Ankara will continue its efforts to secure international recognition for the Turkish Republic of Northern Cyprus (TRNC), Turkey's president said on Wednesday.
"We will make every possible effort to ensure recognition of the Turkish Cypriot state as soon as possible," President Recep Tayyip Erdoğan said in a video address to members of the Justice and Development (AK) Party on the Muslim holiday of Eid al-Adha.
He stressed that the only demand of Turkish Cypriots in international talks on the Cyprus issue is for "their sovereign state status to be recognized," a recognition currently only given by Turkey.
"All other offers and proposals are not valid anymore," Erdoğan added.
The Turkish president returned from a two-day visit to the TRNC on Tuesday, where he reiterated Ankara's support for a two-state solution to the Cyprus issue and the need for both sides of the island to be recognized as equals.
"No one should expect the Turkish Cypriots to give up their equal status and sovereignty, and to accept to live as a minority as per the will of the Greek Cypriots," Erdogan said at an event on the island, adding that the Turkish Cypriots would not compromise on their independence and freedom.
"First of all, the sovereign equality and equal status of the Turkish Cypriots should be confirmed.
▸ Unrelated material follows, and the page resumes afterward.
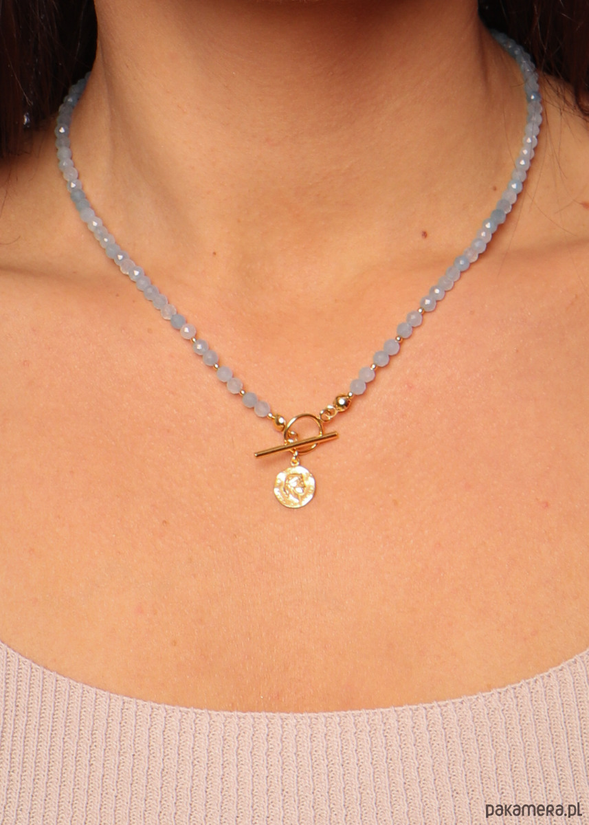 Cechy produktuKamień: akwamarynWielkość kamieni: ok. 4 mmKolor: niebieski, błękitny Wykończenie: srebro pr. 925, pozłacane 24k złotemMożliwość wyboru zawieszki Idealny na prezentWłaściwość kamieniaAkwamaryn to kamień szlachetny, jest uważany za kamień uspokajający, pomagający w redukcji stresu, lęku i napięcia. Działa kojąco na emocje, co może sprzyjać odpoczynkowi i lepszemu snu. Uważa się, że pomaga w otwieraniu serca na miłość, zrozumienie i empatię. Wspomaga wyrażanie swoich myśli w sposób spokojny i klarowny. Wzmacnia intuicję i ochronę energetyczną.Naszyjnik będzie idealnym pomysłem na prezent. Biżuteria, ręcznie wykonywana z akwamarynu wpisuje się w obecne trendy, dzięki czemu możesz mieć pewność, że zachwyci obdarowaną osobę. Nasz naszyjnik z akwamarynu jest uniwersalnym, eleganckim elementem ubioru, który obłędnie wyglądać będzie w zestawieniu z każdą stylizacją. OpakowanieNaszyjnik zapakowany będzie w minimalistyczne, granatowe pudełeczko ze złotym logo. Wewnątrz pudełeczka znajdziesz białą wkładkę z nazwą kamienia oraz jego wyjątkowymi właściwościami. Dbaj o biżuterię. Unikaj kontaktu z wodą, detergentami i kosmetykami.
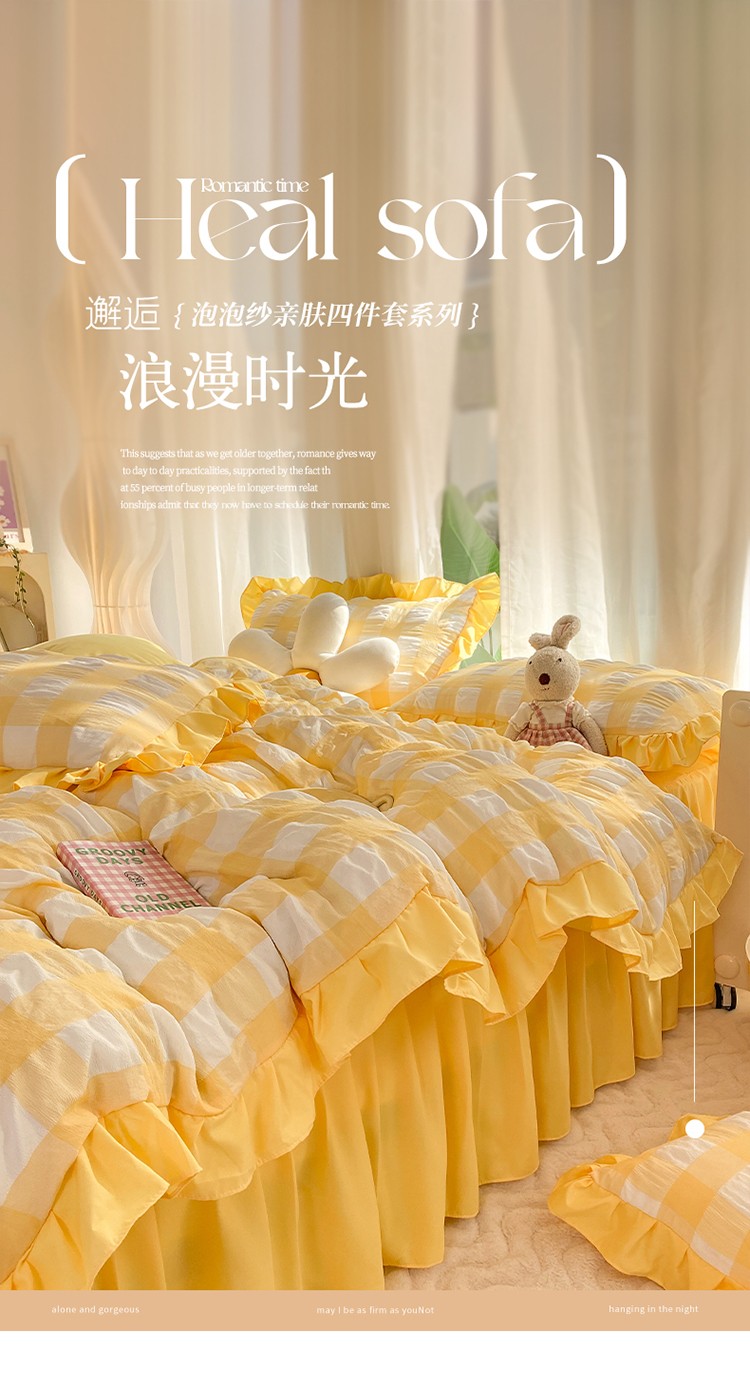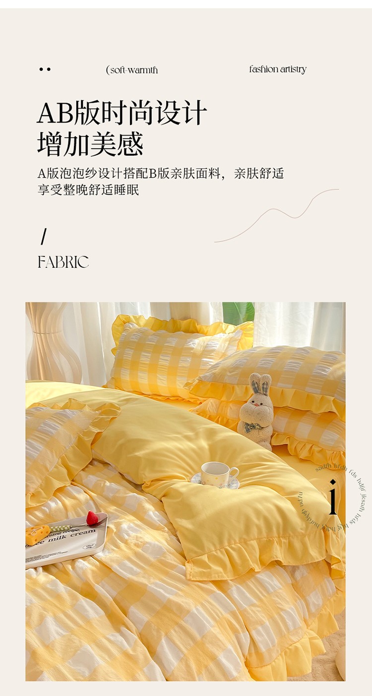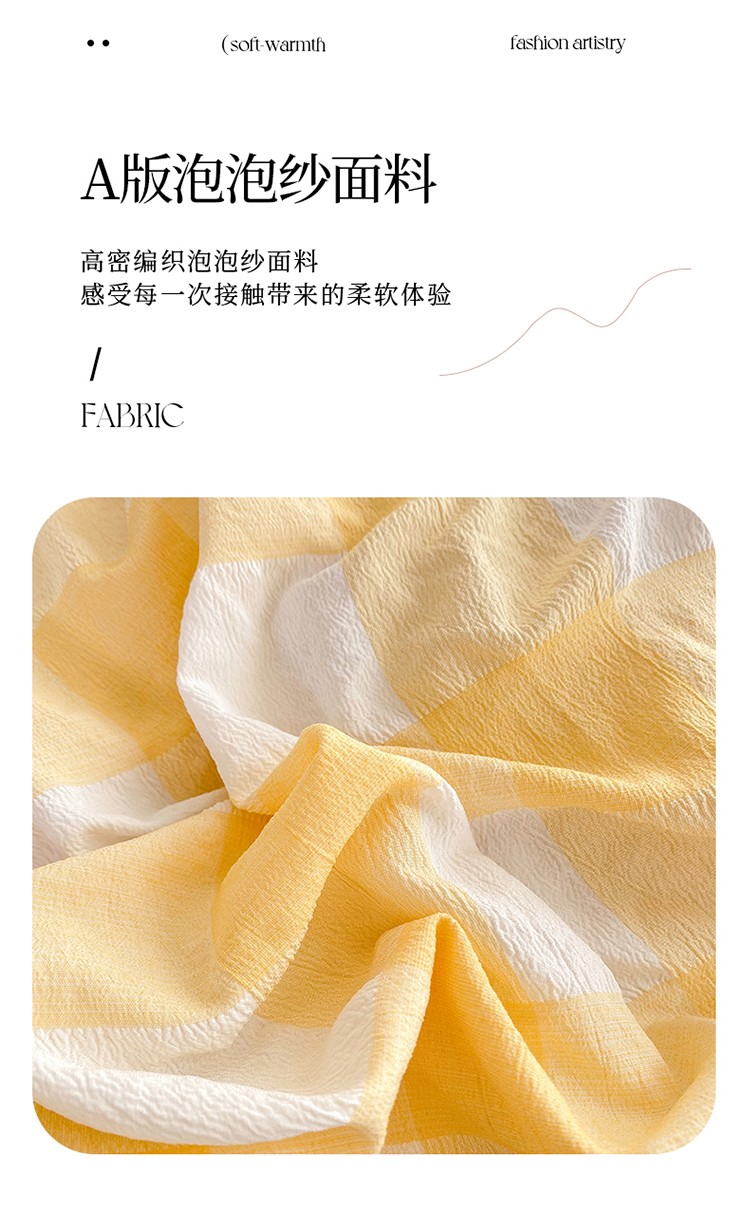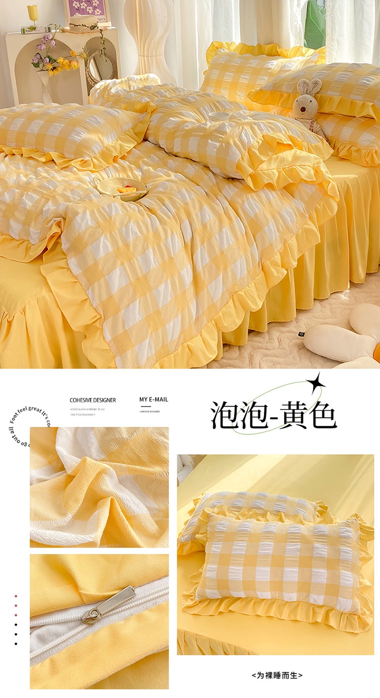 当前位置: 91家纺网 > 商品网购 > 床品套件 > 四件套 > 全棉普通四件套 > 梦之岛 2023新款韩版无印风泡泡纱四件套 泡泡-黄色

This is the key to the solution," he said.
Cyprus has been mired in a decades-long dispute between Greek and Turkish Cypriots, despite a series of diplomatic efforts by the UN to achieve a comprehensive settlement.
Ethnic attacks starting in the early 1960s forced Turkish Cypriots to withdraw into enclaves for their safety.
In 1974, a Greek Cypriot coup aiming at Greece's annexation led to Turkey's military intervention as a guarantor power to protect Turkish Cypriots from persecution and violence. The TRNC was founded in 1983.
It has seen an on-and-off peace process in recent years, including a failed 2017 initiative in Switzerland under the auspices of guarantor countries Turkey, Greece, and the UK.
The Greek Cypriot administration entered the EU in 2004, the same year that Greek Cypriots thwarted the UN's Annan plan to end the decades-long dispute.